Support bash in a Codefresh YAML file

Yes, I realize this is highly unlikely and it’s incredibly niche. But if you don’t ask, you’ll never know.

We’re using Codefresh for our CI/CD and a large part of the pipelines are running bash commands.

version: '1.0'
steps:
  my_go_app:
    title: Compiling GO code
    image: golang:1.7.1
    commands:
     - go get github.com/example-user/example-repo
     - go build

Each of those entries is one (or more) bash commands. Since it’s yaml, you can do ‘- |’ and dump a whole script in there.

That’s similar to GitHub actions and Travis CI yaml files.
I’ve been planning to look into automatically injecting Bash into yaml files. Can you point me to some documentation on the file naming conventions or about the best way to detect, that it’s a Codefresh yaml file? (sorry, I’ve never used Codefresh so far)

I experimented a bit with this.
It’s possible to inject Bash in a way, so that all lines of a commands block share the same set of variables. This enables rename and code completion across lines.

The problem with Codefresh files is, that there’s no good way to identify them, unless when it’s a codefresh.yml file. It would be possible to support comments like # type=codefresh, unless there’s no better or widely used way to define this.

More complete support also needs to know about things like predefined variables.

I can’t promise yet that this will make it into a release. If it’s released, then it’ll be the next major version.

If it happens at all I’d be thrilled. Your comment idea seems perfect to me. You can have a different comment for each supported yaml file. Regardless thanks for even considering it.

Hi @ctwise, I just released a new beta version 2.0.0-beta4 of BashSupport Pro. It comes with support for Travis and Codefresh code injection. .travis.yml and codefresh.yml are automatically detected. Alternatively, a comment # type=codefresh in the first line of a yml file will trigger the code injection.

It would be great if you could test this - I’d be glad for your feedback!

Changelog and install instructions at:
https://plugins.jetbrains.com/plugin/13841-bashsupport-pro/next-version

Joachim

It doesn’t appear to be working for me. In a codefresh.yml file I see no code injection but the first two commands sections have the “run snippet” gutter icon. The rest of the entries have nothing.

Could you verify that you’re on 2.0.0.*-beta4? I had some issues with IDEs showing previous versions.

Only sections commands: are currently injected. Is your file using something else?

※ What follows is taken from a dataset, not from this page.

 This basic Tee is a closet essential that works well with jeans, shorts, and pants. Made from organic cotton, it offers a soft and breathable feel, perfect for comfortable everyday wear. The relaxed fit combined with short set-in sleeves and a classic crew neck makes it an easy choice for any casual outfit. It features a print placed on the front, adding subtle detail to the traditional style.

I had tested this with this codefresh.yml file.

version: '1.0'
steps:
    build_image:
        type: build
        description: Building the image...
        image-name: myuser/myservice
        tag: develop # ${{CF_BRANCH}}

    perform_tests:
        image: node:5
        working_directory: ${{main_clone}}
        description: Performing unit tests...
        commands:
            - npm install gulp -g
            - npm install
            - gulp unit_test

If it doesn’t work for you, please provide name and version of your IDE and, if possible, a relevant snippet of your codefresh.yml file.

Joachim

2.0.0.203-beta4 - WebStorm

I can’t share the file but it’s outline is:

stags:

  • x
  • y

hooks:
on_success:
exec:
image: whatever
shell: bash
command:

  • echo hello

on_fail:
exec: same as above

on_finish:
exec: same as above

steps:
first_step_name:
stage: x
title: “some title”
image: whatever
shell: bash
commands:

  • |-
    echo hello
    echo there

second_step_name:
and so forth

Thanks. I missed YAML block scalars.

commands:
  - echo hello

should already be working, though.

I improved injection for the next beta, but the YAML plugin seems to be pretty bad with language injection. It throws all kinds of exceptions when the fragment editor is used.
I’ll most likely have to make this injection optional and only enable it on 2020.3 by default.

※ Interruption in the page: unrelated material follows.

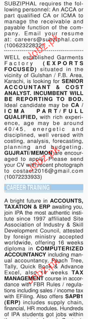 Cost Accountant, Account Manager And Manager Tax Wanted

While I love what you’re doing, I’m fine with the language=bash comments.

I read your first post as a suggestion to automatically inject Bash into the different lines of commands:, but now I’m wondering if you perhaps meant something else. If that’s the case, please let me know what :slight_smile:

Oh no, that’s what I was hoping for but it’s no great hardship to add the language comments if the IntelliJ code is too buggy at present.